▸ Required action
Transcribe the listing exactly, leaving out every picture.

▸ Dataset section

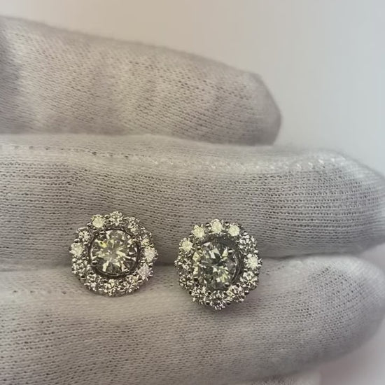 4 Carats Sparkling Brilliant Cut Natural Earth Mined Diamonds Ladies Studs Halo Earrings
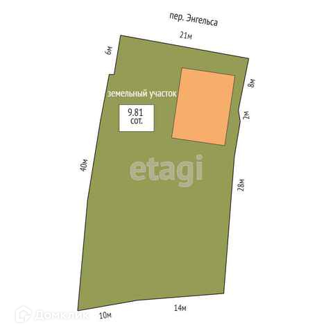 Площадь участка 9.8 сот.
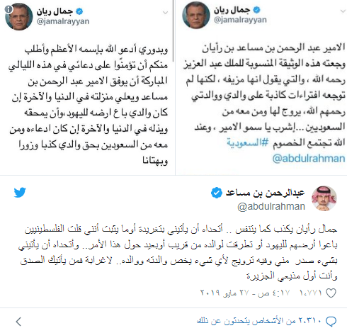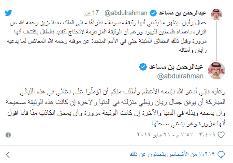 رد الأمير السعودي عبدالرحمن بن مساعد بن عبدالعزيز آل سعود، على الإعلامي الفلسطيني جمال ريان الذي نشر وثيقة تدعي تنازل الملك الراحل عبدالعزيز بن عبدالرحمن آل سعود أرض فلسطين لصالح اليهود.
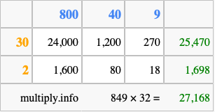 Finally, we add up all the sums we found in step 3 to get our final answer to 849 times 32.

▸ Worked solution
 4 Carats Sparkling Brilliant Cut Natural Earth Mined Diamonds Ladies Studs Halo Earrings
 Площадь участка 9.8 сот.
 رد الأمير السعودي عبدالرحمن بن مساعد بن عبدالعزيز آل سعود، على الإعلامي الفلسطيني جمال ريان الذي نشر وثيقة تدعي تنازل الملك الراحل عبدالعزيز بن عبدالرحمن آل سعود أرض فلسطين لصالح اليهود.
 Finally, we add up all the sums we found in step 3 to get our final answer to 849 times 32.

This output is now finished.